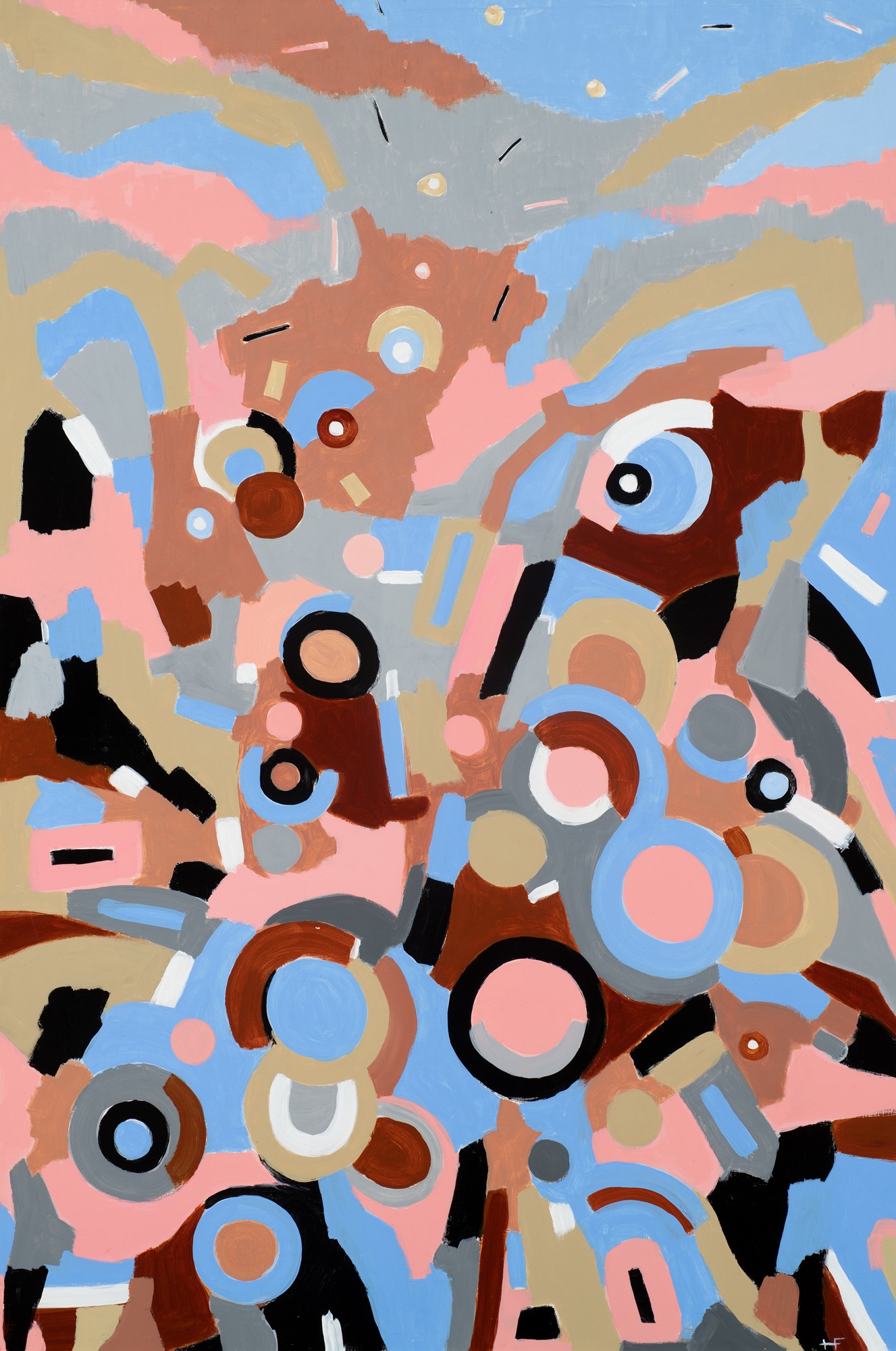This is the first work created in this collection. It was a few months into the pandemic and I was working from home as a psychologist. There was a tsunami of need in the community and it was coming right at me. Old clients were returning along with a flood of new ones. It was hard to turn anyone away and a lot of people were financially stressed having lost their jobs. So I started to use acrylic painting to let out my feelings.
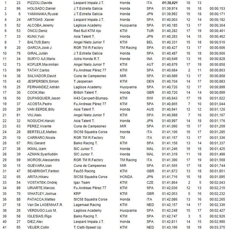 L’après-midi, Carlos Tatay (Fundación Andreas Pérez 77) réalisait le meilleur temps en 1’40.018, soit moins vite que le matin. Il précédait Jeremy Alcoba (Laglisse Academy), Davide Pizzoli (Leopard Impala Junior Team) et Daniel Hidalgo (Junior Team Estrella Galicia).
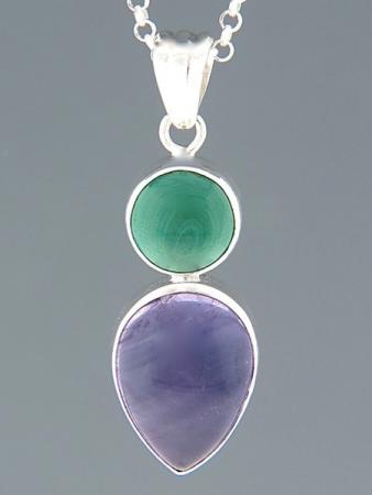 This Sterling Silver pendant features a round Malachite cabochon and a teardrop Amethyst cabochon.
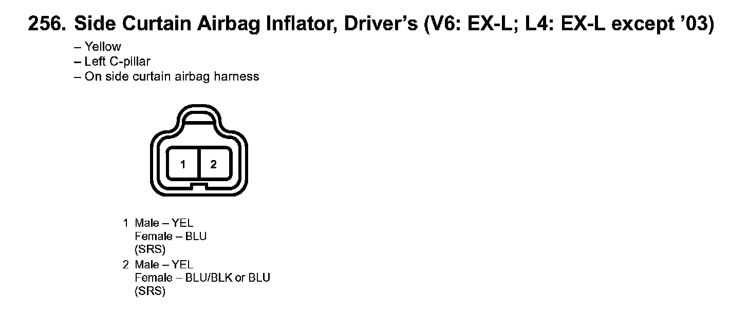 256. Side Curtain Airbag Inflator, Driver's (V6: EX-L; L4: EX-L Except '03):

Problem:
Once more, give the listing above exactly, leaving each picture out.

Response for this exercise:
This is the first work created in this collection. It was a few months into the pandemic and I was working from home as a psychologist. There was a tsunami of need in the community and it was coming right at me. Old clients were returning along with a flood of new ones. It was hard to turn anyone away and a lot of people were financially stressed having lost their jobs. So I started to use acrylic painting to let out my feelings.
 L’après-midi, Carlos Tatay (Fundación Andreas Pérez 77) réalisait le meilleur temps en 1’40.018, soit moins vite que le matin. Il précédait Jeremy Alcoba (Laglisse Academy), Davide Pizzoli (Leopard Impala Junior Team) et Daniel Hidalgo (Junior Team Estrella Galicia).
 This Sterling Silver pendant features a round Malachite cabochon and a teardrop Amethyst cabochon.
 256. Side Curtain Airbag Inflator, Driver's (V6: EX-L; L4: EX-L Except '03):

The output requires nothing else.